◆ Materials provided ◆

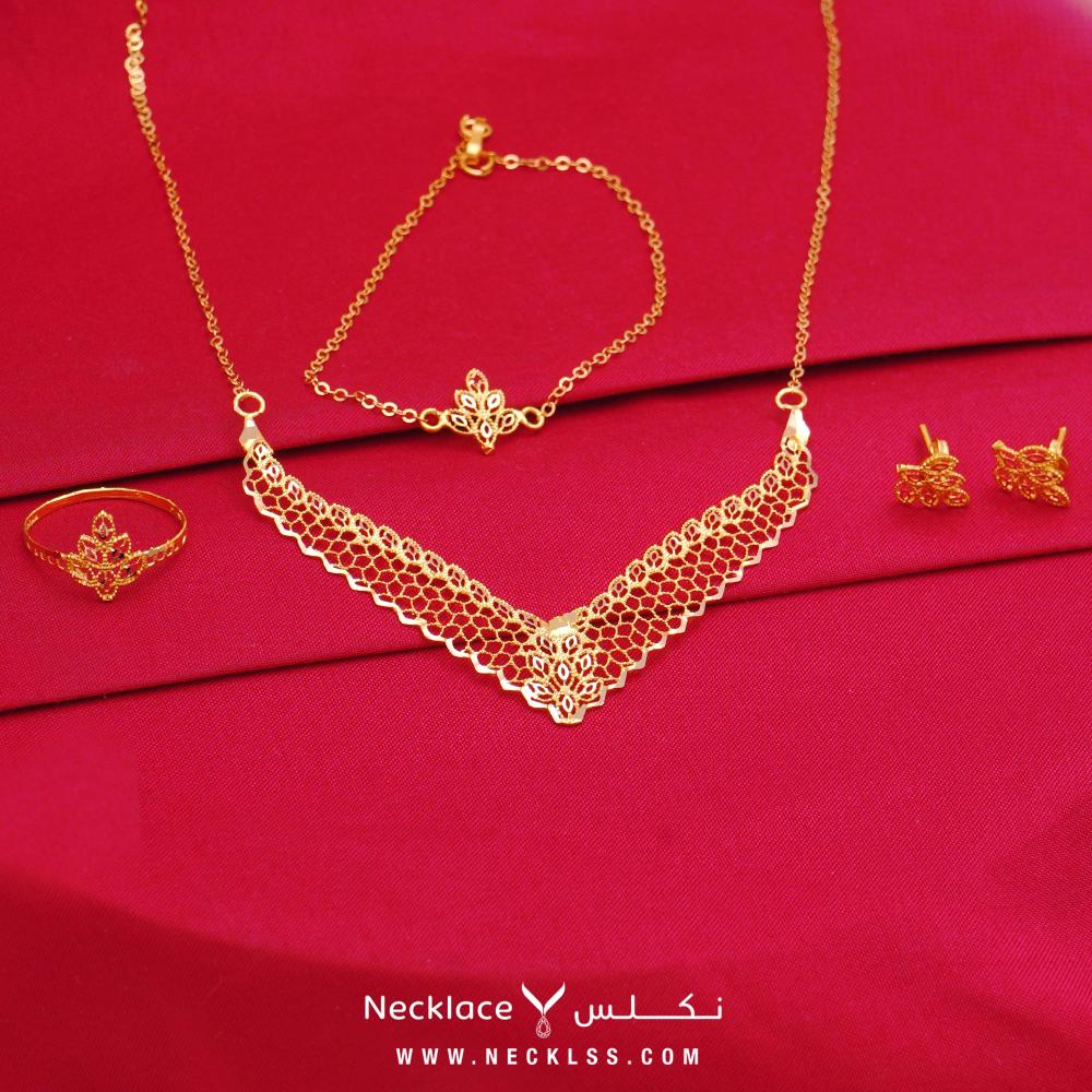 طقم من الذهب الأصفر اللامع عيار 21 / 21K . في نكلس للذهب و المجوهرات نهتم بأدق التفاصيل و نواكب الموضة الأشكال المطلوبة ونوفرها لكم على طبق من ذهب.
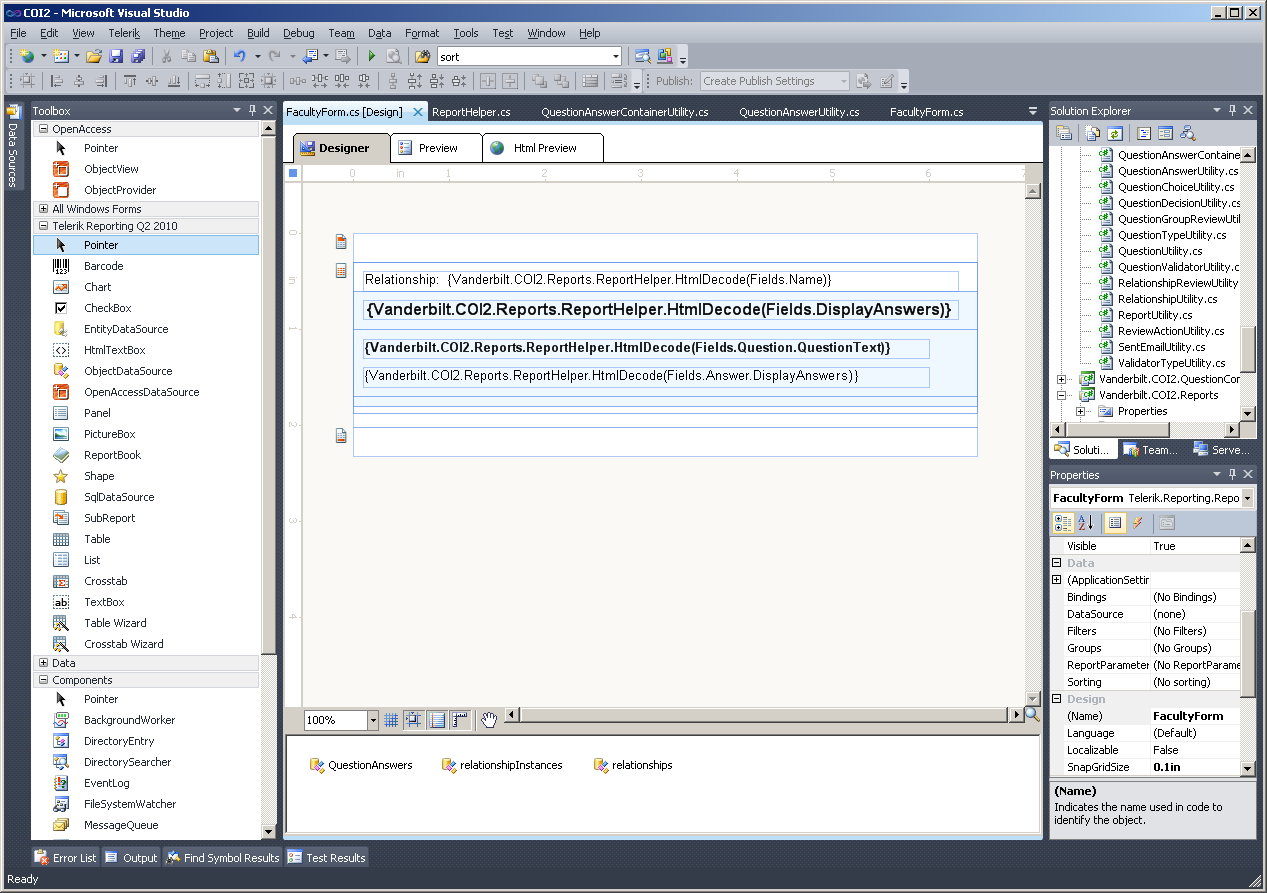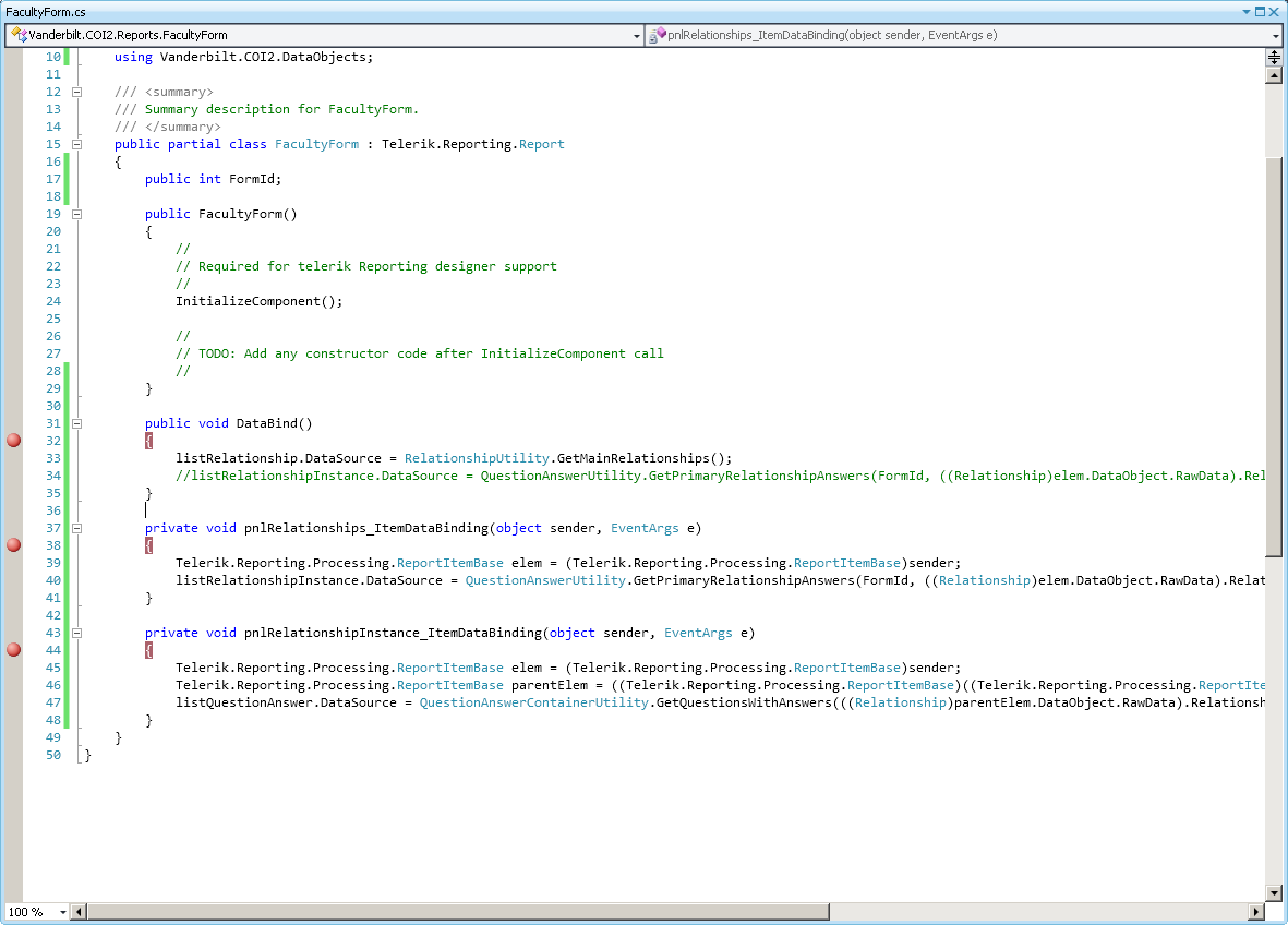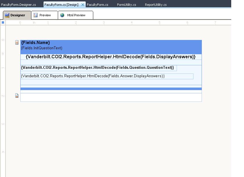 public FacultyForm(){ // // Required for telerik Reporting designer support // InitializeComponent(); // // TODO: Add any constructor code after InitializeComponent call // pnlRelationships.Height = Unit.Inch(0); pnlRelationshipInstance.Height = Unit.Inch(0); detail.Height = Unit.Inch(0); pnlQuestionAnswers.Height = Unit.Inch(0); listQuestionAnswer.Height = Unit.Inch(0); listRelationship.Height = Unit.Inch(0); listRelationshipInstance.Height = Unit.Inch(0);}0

--

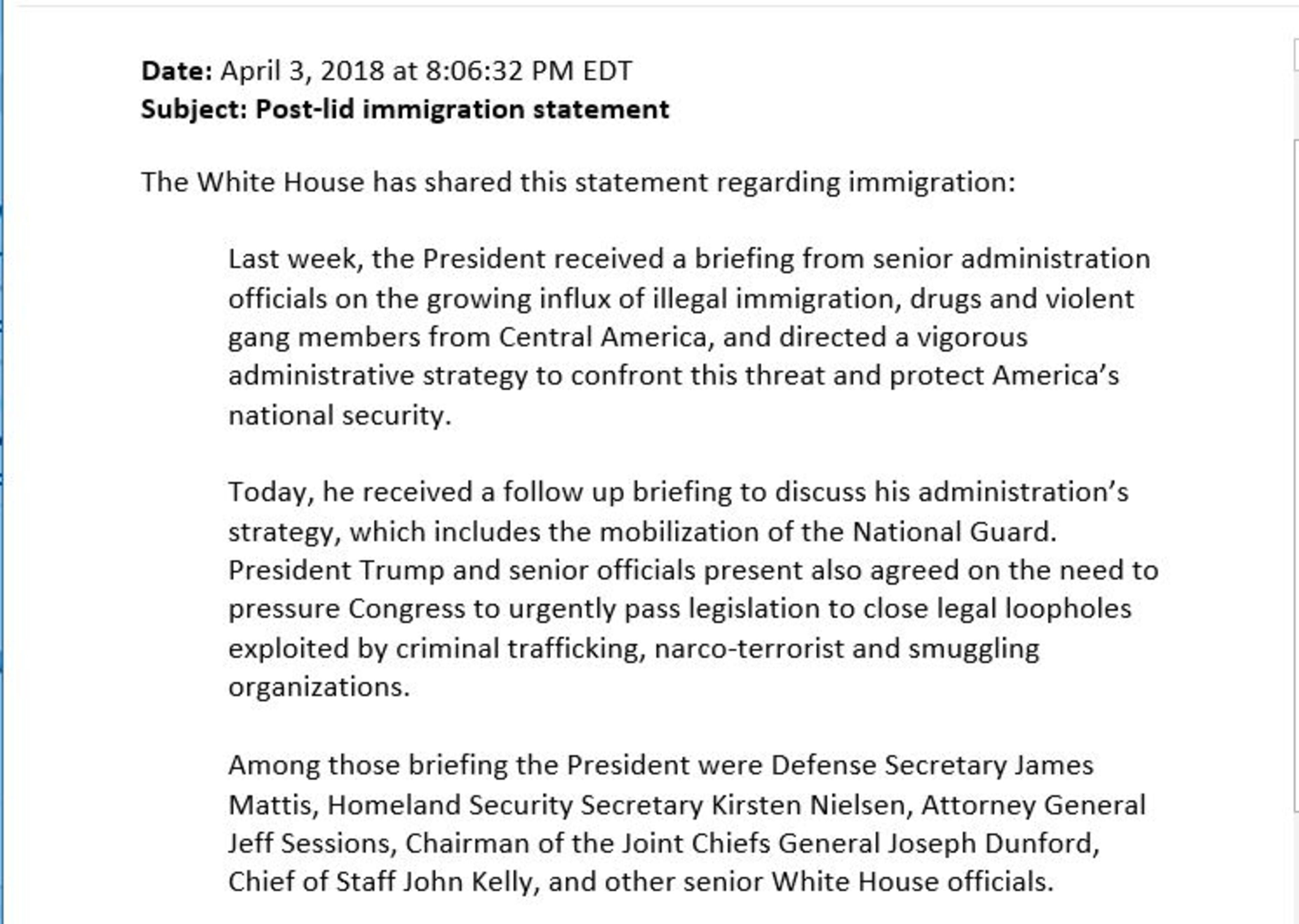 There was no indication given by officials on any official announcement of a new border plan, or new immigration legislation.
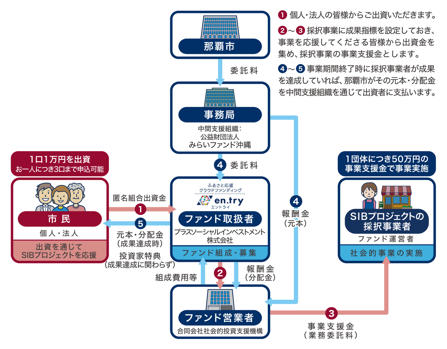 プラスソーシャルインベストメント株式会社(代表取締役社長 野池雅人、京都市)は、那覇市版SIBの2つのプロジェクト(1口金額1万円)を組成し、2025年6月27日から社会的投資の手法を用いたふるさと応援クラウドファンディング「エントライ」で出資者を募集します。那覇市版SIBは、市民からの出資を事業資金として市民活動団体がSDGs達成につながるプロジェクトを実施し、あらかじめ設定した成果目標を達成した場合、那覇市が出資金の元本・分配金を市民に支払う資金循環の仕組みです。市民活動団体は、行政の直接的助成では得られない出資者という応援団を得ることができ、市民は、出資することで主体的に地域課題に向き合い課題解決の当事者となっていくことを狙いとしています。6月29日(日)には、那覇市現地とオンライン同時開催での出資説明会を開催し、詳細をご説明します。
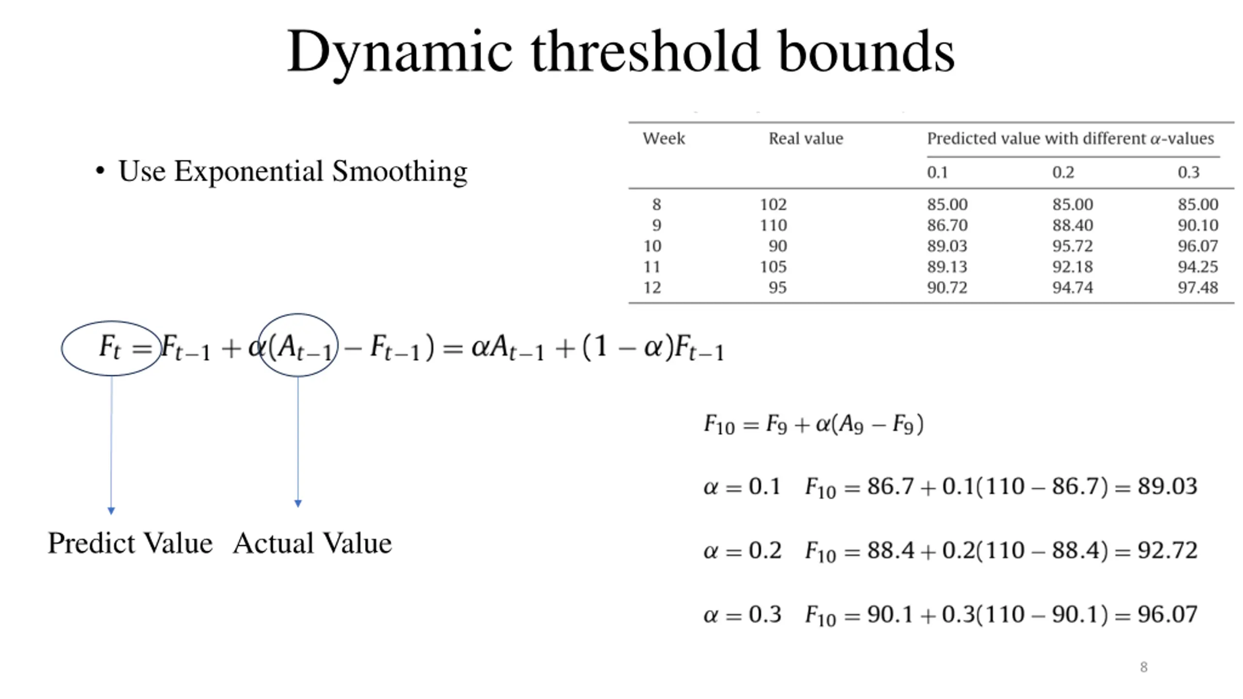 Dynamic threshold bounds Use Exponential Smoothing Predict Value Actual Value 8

==

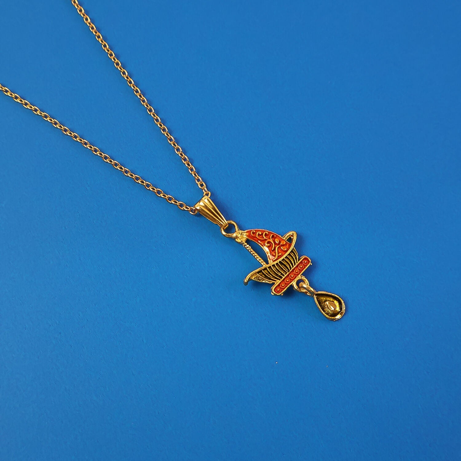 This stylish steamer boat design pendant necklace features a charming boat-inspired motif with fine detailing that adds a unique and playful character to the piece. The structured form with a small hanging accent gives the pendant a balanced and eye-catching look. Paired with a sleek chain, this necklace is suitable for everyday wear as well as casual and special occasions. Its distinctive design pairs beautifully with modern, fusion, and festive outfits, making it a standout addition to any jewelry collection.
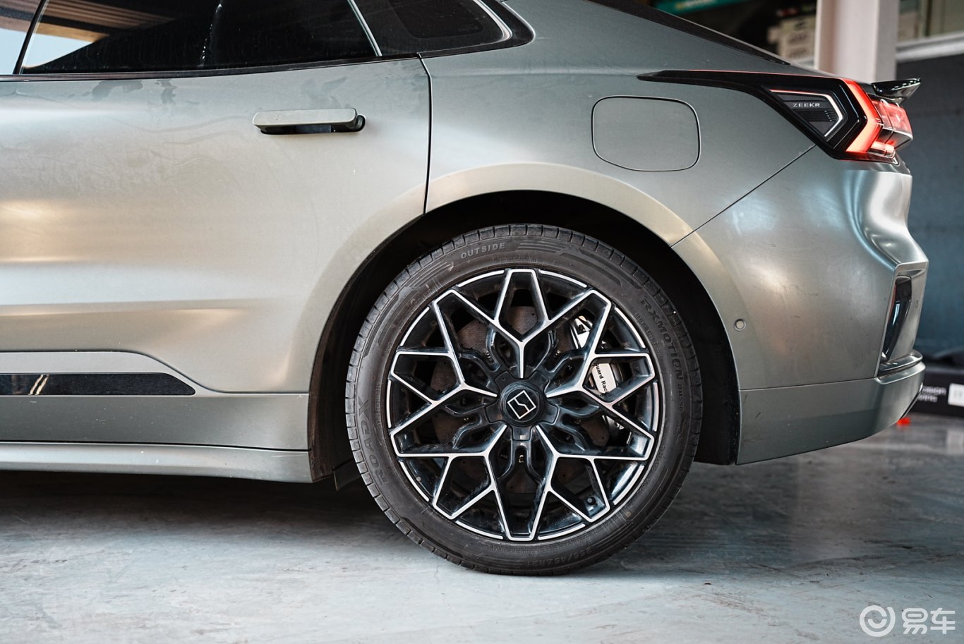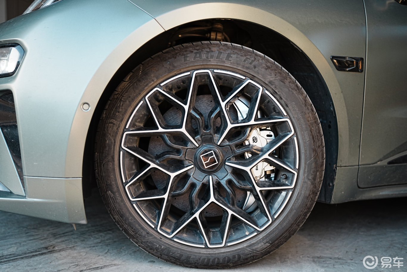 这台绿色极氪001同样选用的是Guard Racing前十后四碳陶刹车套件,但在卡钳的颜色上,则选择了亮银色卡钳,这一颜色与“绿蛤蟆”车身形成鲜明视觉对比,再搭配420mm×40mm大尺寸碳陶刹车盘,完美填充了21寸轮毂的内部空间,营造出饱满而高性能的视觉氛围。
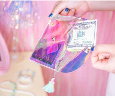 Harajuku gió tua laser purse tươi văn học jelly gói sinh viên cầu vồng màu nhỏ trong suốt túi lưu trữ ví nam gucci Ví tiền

◆ Task statement ◆
Skipping every picture, transcribe exactly the lines above from the one containing "طقم من الذهب" through the one containing "Required for telerik", both included.

◆ Exercise solution ◆
 طقم من الذهب الأصفر اللامع عيار 21 / 21K . في نكلس للذهب و المجوهرات نهتم بأدق التفاصيل و نواكب الموضة الأشكال المطلوبة ونوفرها لكم على طبق من ذهب.
 public FacultyForm(){ // // Required for telerik Reporting designer support // InitializeComponent(); // // TODO: Add any constructor code after InitializeComponent call // pnlRelationships.Height = Unit.Inch(0); pnlRelationshipInstance.Height = Unit.Inch(0); detail.Height = Unit.Inch(0); pnlQuestionAnswers.Height = Unit.Inch(0); listQuestionAnswer.Height = Unit.Inch(0); listRelationship.Height = Unit.Inch(0); listRelationshipInstance.Height = Unit.Inch(0);}0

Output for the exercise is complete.